ASSIGNMENT | Retype the lines below exactly, but only those from the line that has "こんな色のデンファレ、初めて見ました 淡いピンク色がホントにかわいい🩷 見るたびににやけてしまいます" through the line that has "People march with". Omit every picture.
====== AVAILABLE DATA ======
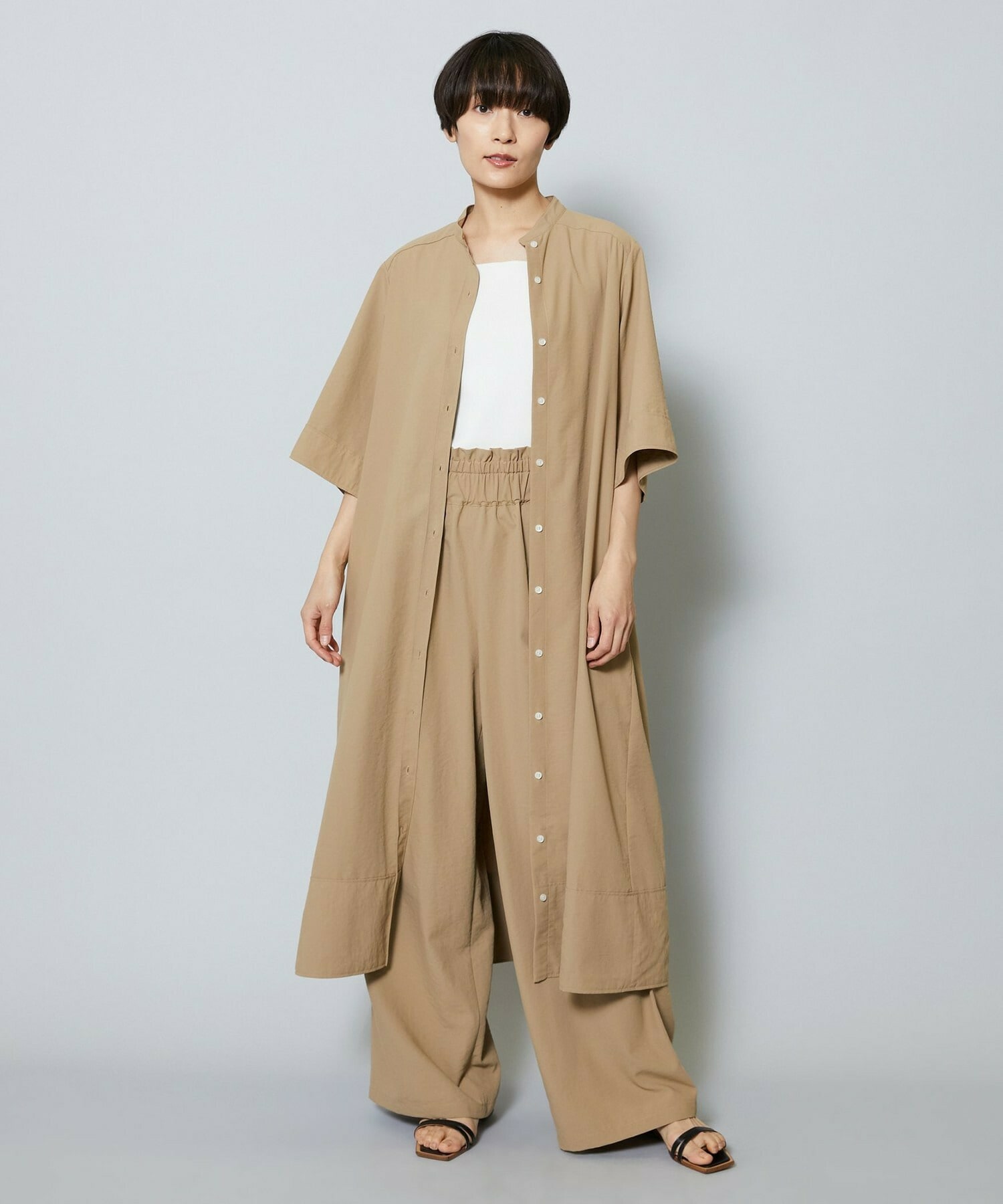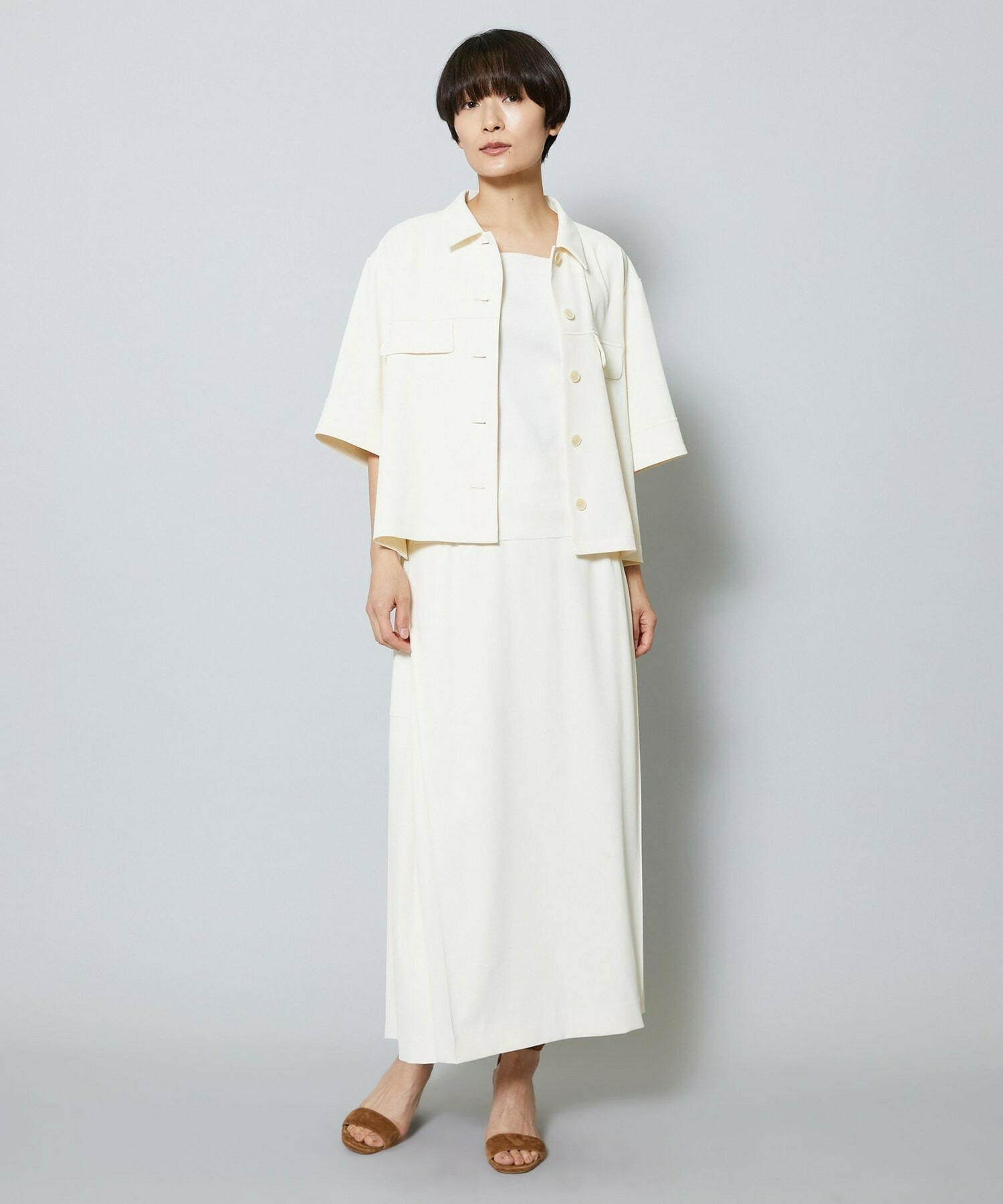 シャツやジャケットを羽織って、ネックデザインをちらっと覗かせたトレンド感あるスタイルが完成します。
======
====== AVAILABLE DATA ======
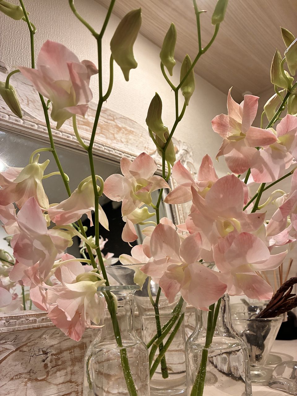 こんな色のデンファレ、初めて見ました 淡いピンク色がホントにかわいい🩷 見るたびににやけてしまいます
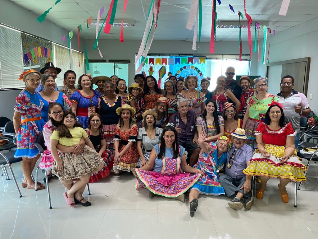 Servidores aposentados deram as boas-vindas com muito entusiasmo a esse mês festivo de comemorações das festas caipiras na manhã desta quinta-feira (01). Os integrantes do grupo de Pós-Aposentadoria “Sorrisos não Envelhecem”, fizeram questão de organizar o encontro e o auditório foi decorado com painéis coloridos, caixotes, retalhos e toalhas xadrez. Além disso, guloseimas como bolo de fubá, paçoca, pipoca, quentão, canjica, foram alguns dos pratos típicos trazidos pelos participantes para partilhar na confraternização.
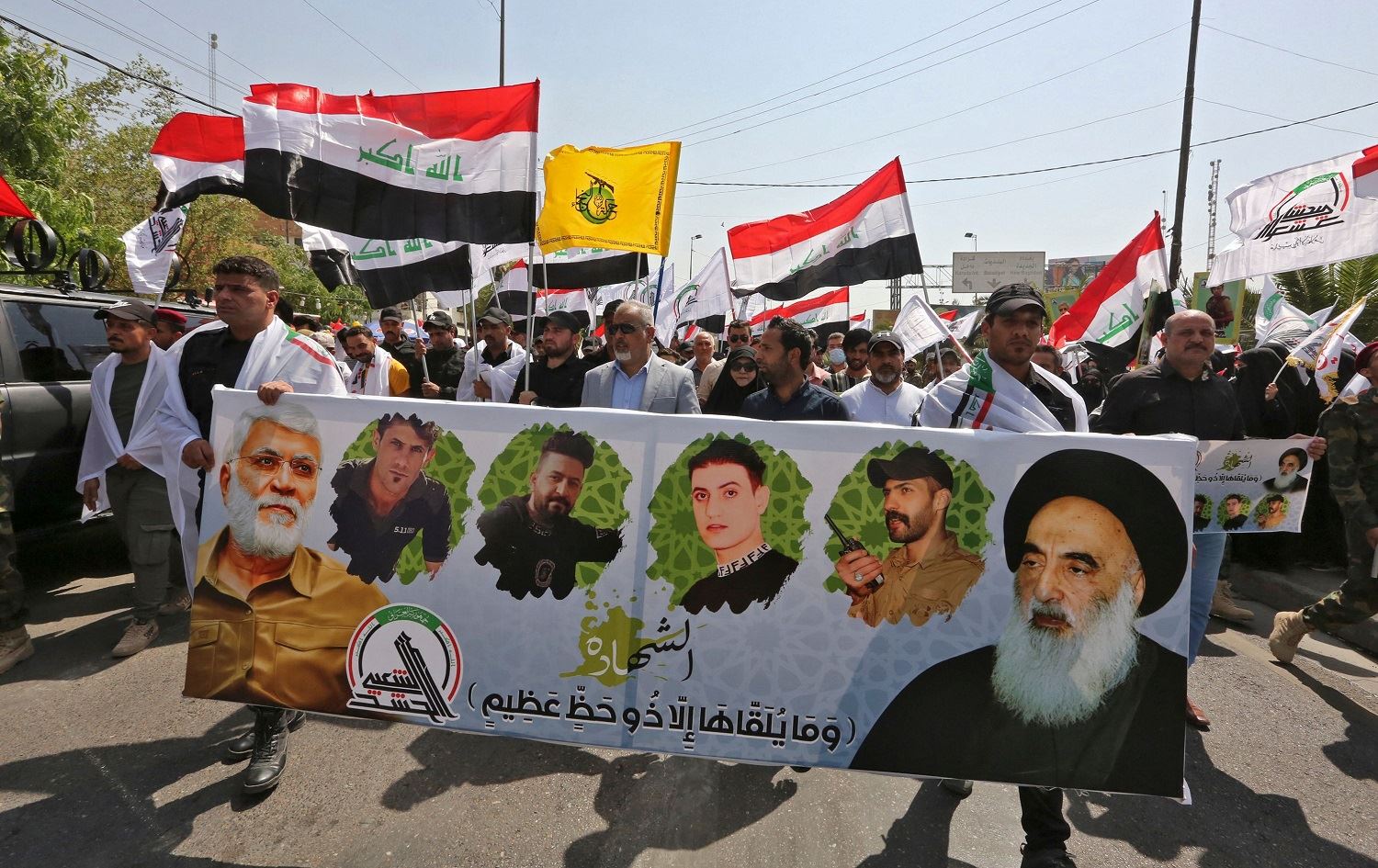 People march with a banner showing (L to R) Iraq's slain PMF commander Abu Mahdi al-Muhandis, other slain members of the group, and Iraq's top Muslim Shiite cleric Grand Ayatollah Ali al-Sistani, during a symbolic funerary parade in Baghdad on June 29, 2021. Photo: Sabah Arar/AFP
======
====== AVAILABLE DATA ======
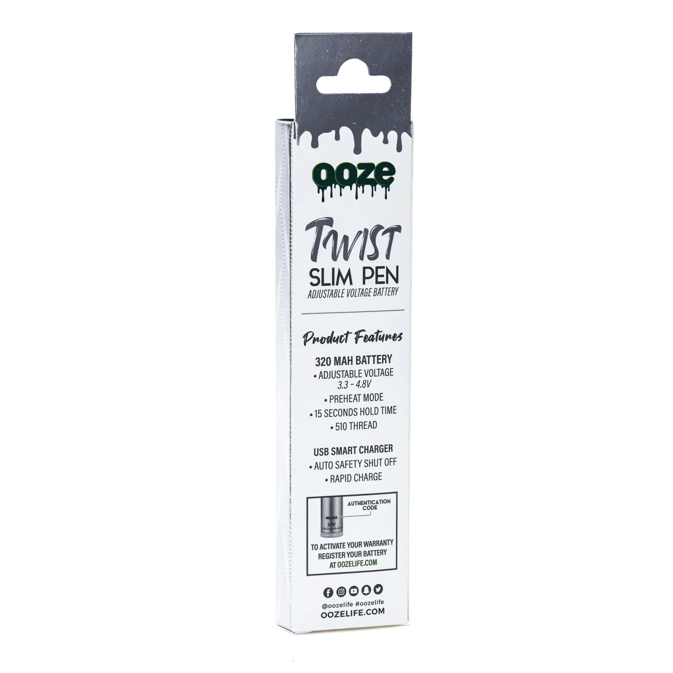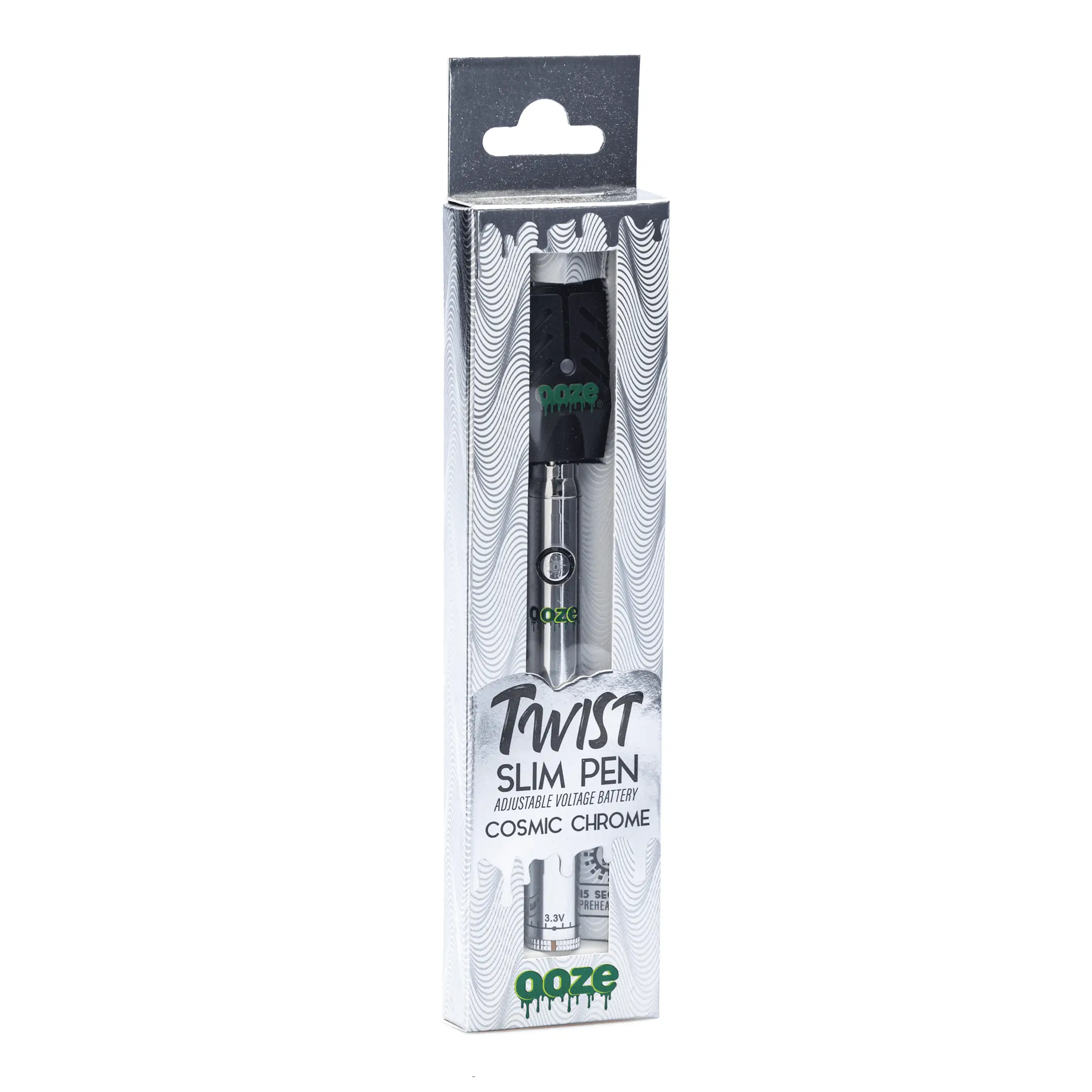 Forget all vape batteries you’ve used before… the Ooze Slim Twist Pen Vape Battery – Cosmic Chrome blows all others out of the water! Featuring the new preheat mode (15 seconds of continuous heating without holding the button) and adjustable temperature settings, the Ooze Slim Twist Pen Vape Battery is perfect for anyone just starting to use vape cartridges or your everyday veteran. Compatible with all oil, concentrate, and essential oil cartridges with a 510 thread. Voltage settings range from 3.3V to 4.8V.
======
EXPECTED ANSWER |
 こんな色のデンファレ、初めて見ました 淡いピンク色がホントにかわいい🩷 見るたびににやけてしまいます
 Servidores aposentados deram as boas-vindas com muito entusiasmo a esse mês festivo de comemorações das festas caipiras na manhã desta quinta-feira (01). Os integrantes do grupo de Pós-Aposentadoria “Sorrisos não Envelhecem”, fizeram questão de organizar o encontro e o auditório foi decorado com painéis coloridos, caixotes, retalhos e toalhas xadrez. Além disso, guloseimas como bolo de fubá, paçoca, pipoca, quentão, canjica, foram alguns dos pratos típicos trazidos pelos participantes para partilhar na confraternização.
 People march with a banner showing (L to R) Iraq's slain PMF commander Abu Mahdi al-Muhandis, other slain members of the group, and Iraq's top Muslim Shiite cleric Grand Ayatollah Ali al-Sistani, during a symbolic funerary parade in Baghdad on June 29, 2021. Photo: Sabah Arar/AFP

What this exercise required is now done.